Symptoms account for over half of all outpatient visits1 and are associated with substantial impairments in health-related quality of life, work-related disability, and increased healthcare costs.1,2,3 Further, symptoms that are unexplained, multiple, or persistent lead to mutual patient and clinician dissatisfaction.4, 5 Nonetheless, symptoms have been underemphasized in research and clinician training, thereby leading to suboptimal recognition and management in patient care.6

The SPADE pentad (sleep problems, pain, anxiety, depression, and low energy/fatigue) is especially important for several reasons. First, the five SPADE symptoms are the most prevalent, chronic, disabling, and undertreated symptoms in both the general population7, 8 and clinical practice.2, 8,9,10 Second, they cause additive impairment and adversely affect treatment response of one another.2, 11,12,13 Third, the SPADE symptoms are ubiquitous across most medical and mental disorders. Fourth, these symptoms commonly cluster3, 14,15,16,17,18,19,20,21,22,23 so that clinically unbundling the SPADE cluster is both difficult and perhaps counterproductive.

Interest is building in incorporating patient-reported outcome measures (PROs) into clinical practice12, 24,25,26 based upon the untested assumption that providing this information to clinicians and patients will change outcomes. Moreover, a number of PRO initiatives have occurred in specialty clinics which focus on a narrower range of diseases and outcomes. In contrast, the primary care clinician is responsible for managing all or most of a patient’s acute and chronic conditions, and therefore is particularly challenged27 in deciding how many and which PROs to administer. The PROMIS (patient-reported outcome measurement information system) measures are an extensively tested set of public domain PROs, and SPADE symptoms constitute 5 of the 7 domains assessed by the PROMIS 29-, 43-, and 57-item profiles (www.healthmeasures.net). The objective of this randomized clinical trial was to assess the effectiveness of providing PROMIS symptom scores to primary care clinicians on patient outcomes.

METHODS

Study Design and Participants

In this prospective, two-arm randomized clinical trial, patients were recruited from March 2015 through April 2016 from urban academic primary care clinics in which both faculty and residents provide care. Upon checking in for their clinic visit, patients were asked to complete a five-item symptom screener adapted from the MD Anderson Symptom Inventory28 rating the severity of SPADE symptoms on a 0 to 10 scale. Patients were eligible if they were ≥ 18 years old and English-speaking, received care from a participating primary care clinician, and reported a severity score ≥ 4 for at least one SPADE symptom. The study was approved by Indiana University’s institutional review board.

Randomization

After providing informed consent and completing the PROMIS measures on a touch-screen tablet, participants were allocated to the feedback or control group in randomly alternating computer-generated blocks of 2 and 4. Randomization occurred at the level of the patient in order to control for clinician factors likely to influence symptom evaluation and management.

Interventions

For patients randomized to the feedback arm, their clinician was provided, just before the encounter, a printed bar graph of PROMIS symptom scores (Fig. 1).
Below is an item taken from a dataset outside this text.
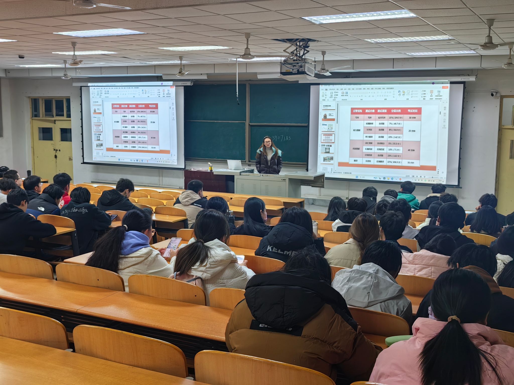 考試結束后,學院特邀英語四級考試指導老師周冰為同學們授課。講座中,周老師結合上一場考試真題,分享了四級考試的解題技巧和策略,包括聽力的抓取關鍵信息、閱讀的快速定位、寫作的結構等,為同學們指明了備考的重點和方向。

The PROMIS numeric scores for all five SPADE symptoms were specified on the graph, and elevated scores (T-scores ≥ 55) were further highlighted by including threshold lines and making symptom bars that crossed the threshold line red.29 Patients randomized to the control group completed the same study measures as the feedback group, but scores were not provided to their clinician.

Fig. 1
figure 1

Visual display of PROMIS symptom scores provided to physicians in feedback group.

Outcomes

The PROMIS30 profile-29 includes 4-item scales for 7 domains; 5 of these domains were used for this study—sleep, pain, anxiety, depression, and fatigue—as they reflected the SPADE symptoms. Each PROMIS scale provides a raw score, ranging from 4 to 20. Raw scores can be converted to T-scores using the PROMIS conversion tables. A T-score of 50 on each PROMIS symptom scale represents the general population norm (i.e., mean), and each 10-point deviation represents one standard deviation (SD) from the population norm. A cut point of ≥ 55 was used to represent a clinically elevated symptom score as this is 0.5 SD worse than the population mean, which is traditionally considered a moderate effect size.31

The enrollment clinic visit note from the electronic health records was reviewed to assess clinical documentation of SPADE symptoms and SPADE-specific diagnostic and treatment actions. Coding criteria were adapted from previous chart review studies of symptoms,10, 32 and study team members were trained in use of the coding criteria. Every clinic note was independently coded by two study team members who were blinded to study group. Coding disagreements were arbitrated by a study investigator (KK).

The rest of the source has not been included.